INFORMATION PROVIDED>
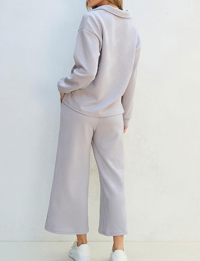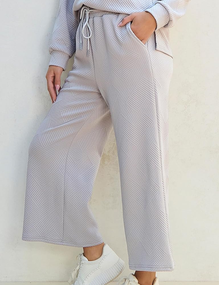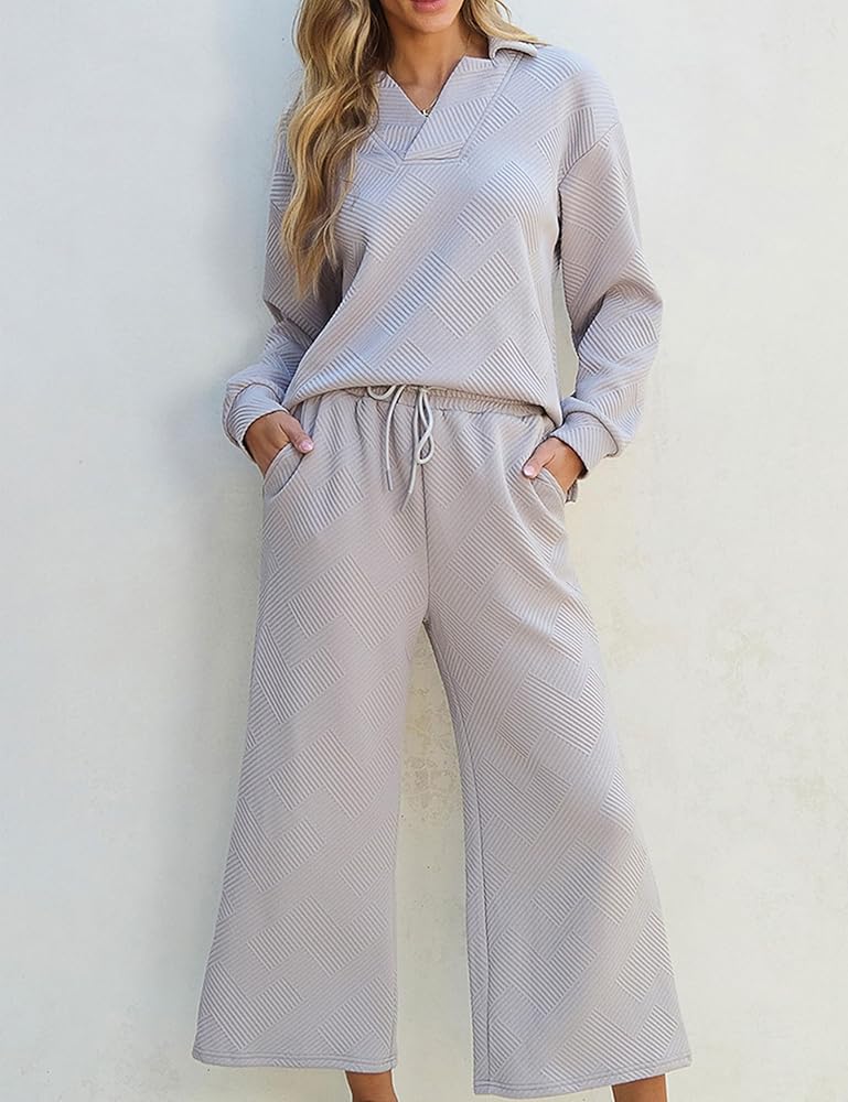 تتميز السترة النسائية بمقاس مريح مع خط عنق على شكل حرف V وأكمام طويلة وكتف منسدل. يكمل البنطلون المطابق المظهر بقصته الجذابة وحزام الخصر المرن الذي يضمن ملاءمة مثالية. مصمم بجيوب عملية وأرجل واسعة
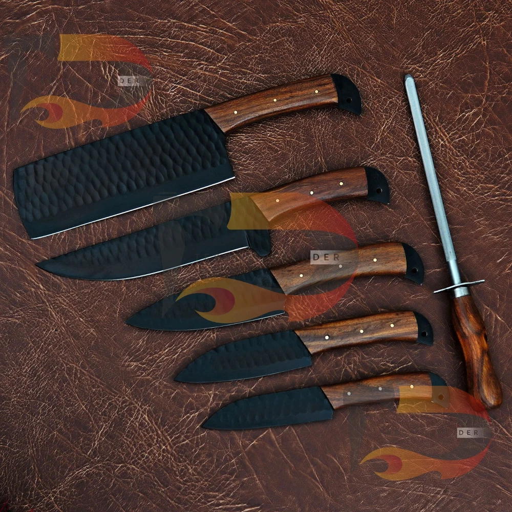 CUSTOM HAND FORGED STAINLESS STEEL BLACK COATED CHEF KITCHEN KNIFE SET Type: BBQ Knife/Chef's Knife Handle Material: Wood with Steel Bolsters with Mosaic pins Blade Material: Hand Forged Stainless Steel Black coated 15N20 and 1095 Carbon Steel Leather Sheath: Original leather Sheath made of Suede leather it is also called leather Roll Overall Length : 13.5"-12.5"-10.5"-10.5"-9.5" Inches Blade Length: 8"-8"-6"-6"-5" inches Handle Length: 4.5" Inches Knife Type: Kitchen / chef knife Note: This is a catalog picture. You will receive the knife as shown in the picture but the blade patterns and handle material may vary slightly due to natural material used. This item is hand forged! Tips to care the Knife Do Not put the knife in the pouch for very long time.It can take rust due to high Carbon. Use oil on the blade after use. Always clean your knife after use Complimentary gift messages *Gift wrapping service available for minimal additional fee ADD ONS: *Custom orders for 10 or more pieces. You can choose & submit your own handle or design. LIFETIME WARRANTY No premium knife is complete without a lifetime warranty; our masterpiece knife is fully covered for life, We do sell wholesale, please contact us for special discounts on bulk orders. FEEDBACK POLICY: YOUR FEEDBACK IS VERY IMPORTANT FOR US, IF THEIR IS ANY KIND OF PROBLEM PLEASE GIVE US OPPORTUNITY TO SORT THE ISSUE
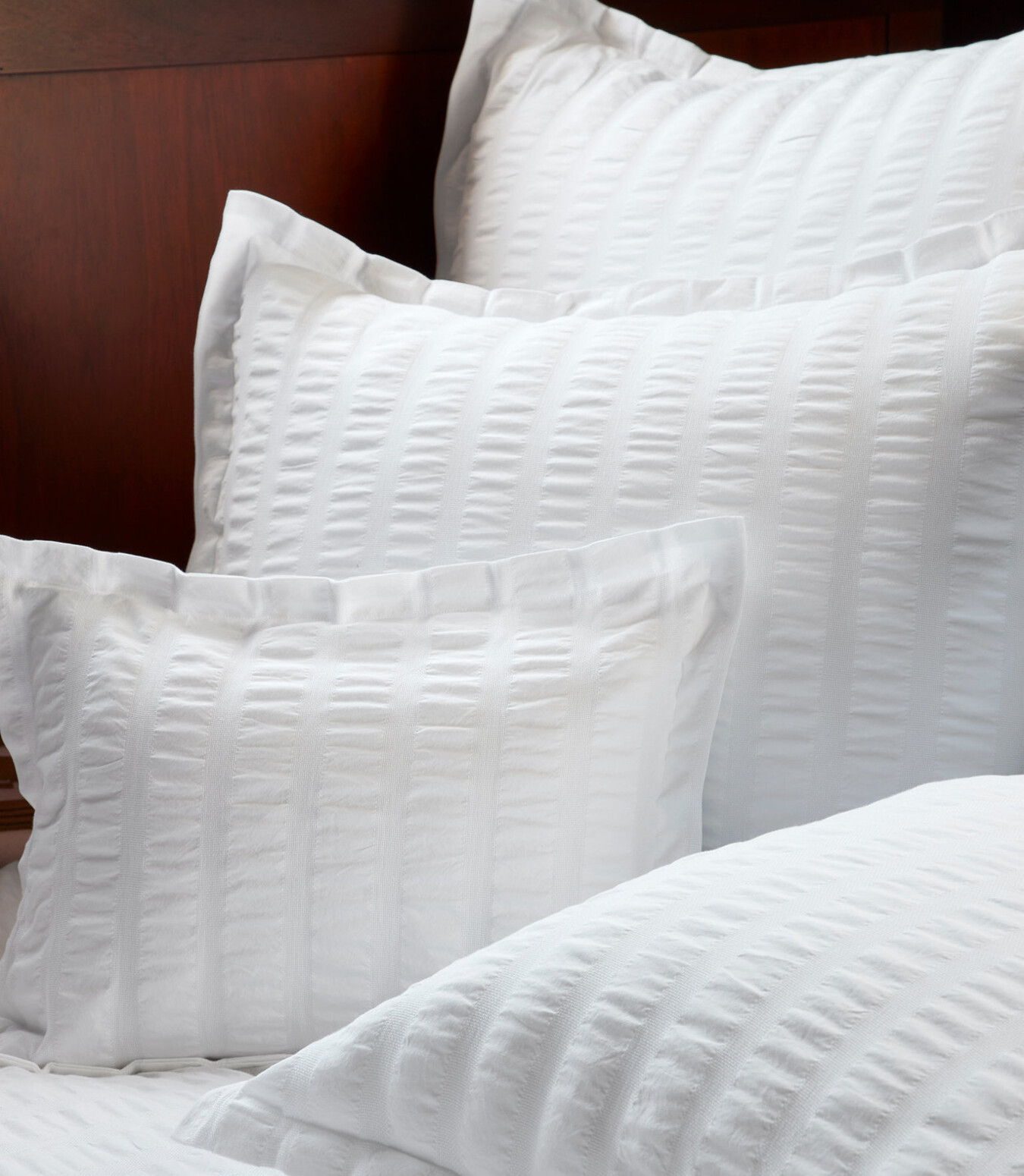 Rows of oversize cotton seersucker and basketweave woven in Portugal give this duvet and shams a modern update on a classic look. Pair it with a colorful pattern or layer it on an all-white bed for added texture and subtle pattern.
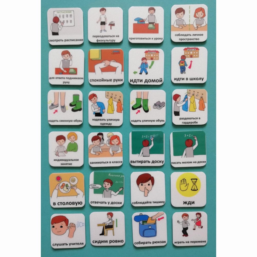 Карточки PECS – система альтернативной коммуникации для детей, у которых трудности с речью и общением. Карточки "Школа" помогут вашему ребенку в повседневной жизни и в школе, уменьшат неприемлемое поведение, способствуют улучшению взаимопонимания. Они пригодны для использования в коммуникативных книгах и визуальных расписаниях.

WORK ORDER>
Restate the full listing word for word, excluding images.

THE COMPLETED TASK>
 تتميز السترة النسائية بمقاس مريح مع خط عنق على شكل حرف V وأكمام طويلة وكتف منسدل. يكمل البنطلون المطابق المظهر بقصته الجذابة وحزام الخصر المرن الذي يضمن ملاءمة مثالية. مصمم بجيوب عملية وأرجل واسعة
 CUSTOM HAND FORGED STAINLESS STEEL BLACK COATED CHEF KITCHEN KNIFE SET Type: BBQ Knife/Chef's Knife Handle Material: Wood with Steel Bolsters with Mosaic pins Blade Material: Hand Forged Stainless Steel Black coated 15N20 and 1095 Carbon Steel Leather Sheath: Original leather Sheath made of Suede leather it is also called leather Roll Overall Length : 13.5"-12.5"-10.5"-10.5"-9.5" Inches Blade Length: 8"-8"-6"-6"-5" inches Handle Length: 4.5" Inches Knife Type: Kitchen / chef knife Note: This is a catalog picture. You will receive the knife as shown in the picture but the blade patterns and handle material may vary slightly due to natural material used. This item is hand forged! Tips to care the Knife Do Not put the knife in the pouch for very long time.It can take rust due to high Carbon. Use oil on the blade after use. Always clean your knife after use Complimentary gift messages *Gift wrapping service available for minimal additional fee ADD ONS: *Custom orders for 10 or more pieces. You can choose & submit your own handle or design. LIFETIME WARRANTY No premium knife is complete without a lifetime warranty; our masterpiece knife is fully covered for life, We do sell wholesale, please contact us for special discounts on bulk orders. FEEDBACK POLICY: YOUR FEEDBACK IS VERY IMPORTANT FOR US, IF THEIR IS ANY KIND OF PROBLEM PLEASE GIVE US OPPORTUNITY TO SORT THE ISSUE
 Rows of oversize cotton seersucker and basketweave woven in Portugal give this duvet and shams a modern update on a classic look. Pair it with a colorful pattern or layer it on an all-white bed for added texture and subtle pattern.
 Карточки PECS – система альтернативной коммуникации для детей, у которых трудности с речью и общением. Карточки "Школа" помогут вашему ребенку в повседневной жизни и в школе, уменьшат неприемлемое поведение, способствуют улучшению взаимопонимания. Они пригодны для использования в коммуникативных книгах и визуальных расписаниях.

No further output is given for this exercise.